Oh, I kept the first for another day!
Yet knowing how way leads on to way,
I doubted if I should ever come back.
I shall be telling this with a sigh
Somewhere ages and ages hence:
Two roads diverged in a wood, and I
I took the one less traveled by,
And that has made all the difference.
Raise your hand if you’ve read Robert Frost’s enormously famous poem before! And raise your hand if you thought you knew what it was all about... (I thought I did.)
So, a couple confessions:
Confession One:
I used to think this poem was about sticking it to all our accountant friends; our suburbanites; the squares; those that didn't travel to Europe at 21. The “road less traveled” was clearly the invitation to trail-blaze — to become a cheese-taster-slash-alpaca-babysitter-slash-nomadic barista. “So there! My life is more vivid, more chaotic, more Sagittarian than your overly-Capricorn lifestyle."
And, as often is the case, I misread the poem.
In Frost’s beloved work, I assumed the road less travelled was about choosing the better path, the one that was braver, more daring, more unique.
Confession Two:
In my own psychosynthesis coaching, I used to guide clients through this same framework, wrestling between two roads, trying to help them pick the right one. The purposeful one. The good one. With my wisdom, insight, and well-calibrated vision board, we’d get clarity, make the “correct” choice, and tie it all up with a tidy bow. Except... it didn’t really work that way.
In real life, and in Frost’s poem, it’s rare that one decision is clearly better than the other. Sure, it happens. But most of the time? We’re choosing between two paths that are pretty similar.
What does happen is this:
We make meaning from the decisions we’ve made. We look back with grace, with humor, with awe, and say, “Ah… that’s what it meant.”
“Though as for that the passing there / Had worn them really about the same.” Wait, what?
That’s the line most people miss. Both roads were equally worn. Not one wild and tangled, not one smooth and paved. Just two forest paths. Different directions, equally travelled.
So why are both roads “pretty decent”?
Because that’s how life actually works.
We want big, dramatic turning points: “THIS is the decision that changed everything!”
But most of the time, we’re choosing between two good-enough options.
And the “difference” isn’t in the road, it’s in the story we tell about it later.
So what’s Frost actually saying?
Not: “Be different! Take the untamed trail!”
But maybe: “You won’t always know which choice is better. Choose anyway. Walk it with heart. And later? You’ll make meaning from it.”

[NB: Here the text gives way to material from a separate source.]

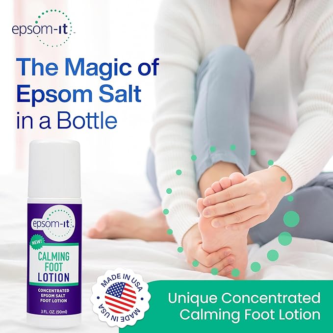 - Magnesium Roll On - Epsom-It’s rollerball makes applying the Epsom Salt lotion for feet super easy! Pop the foot rub on your nightstand or slip into your carry-on during travel and roll on affected areas as needed.
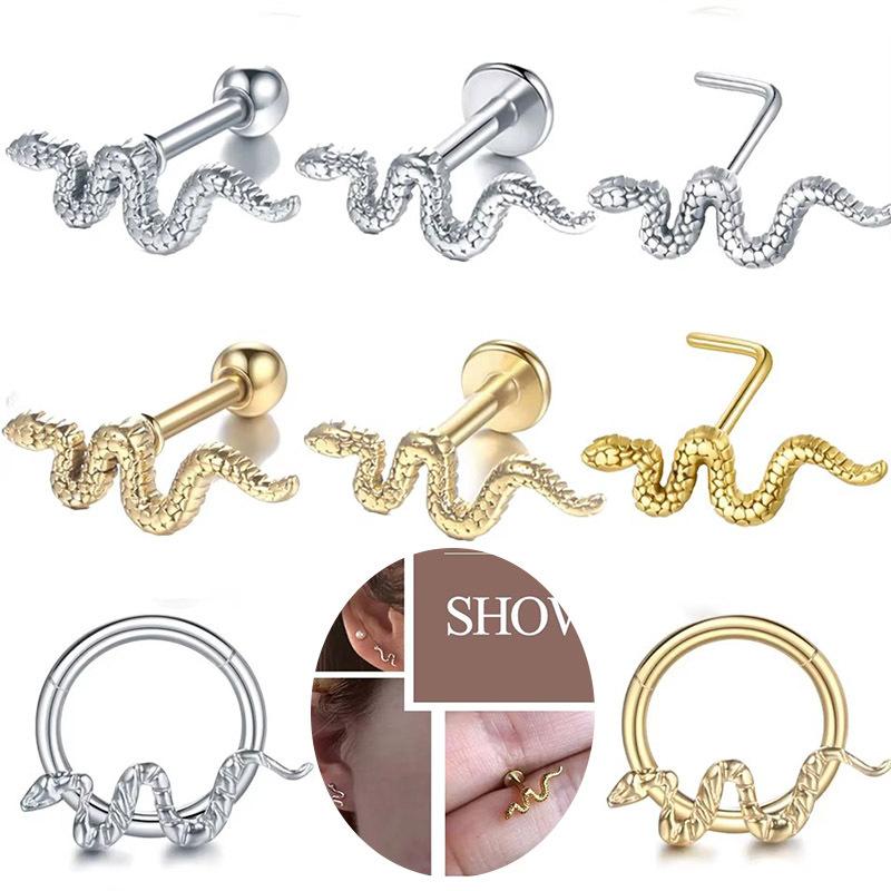 Piercing para labio de serpiente de acero inoxidable, diseño de uñas en forma de L, para nariz, estilo europeo y americano, joyería para piercing de nariz.

The road less travelled is the one where you act with courage and trust… Even if that trust meant joining a kombucha startup in rural Saskatchewan. Or moving in with a sheep farmer named Clay and three very non-domesticated goats. So, how many of our “bold choices” were really just one of two decent-enough options? How many times have we looked back and said:
“That changed everything.” …when really, it wasn’t what we picked: it was how we lived it that changed us?
My own life and work have shifted over the last six years. These days, I’m more at home with ambiguity. More willing to walk with humility — on a good day. On a not-so-good day, I’m swearing at the printer and wondering why thirty years of mindfulness hasn’t solved my irritability.
And still, we walk.
The “road less taken” has become, for me, the road of trust.
Trust in the process. Trust in grace.
Trust that even when I don’t know the “right” road, I can walk meaningfully on the one I’m on.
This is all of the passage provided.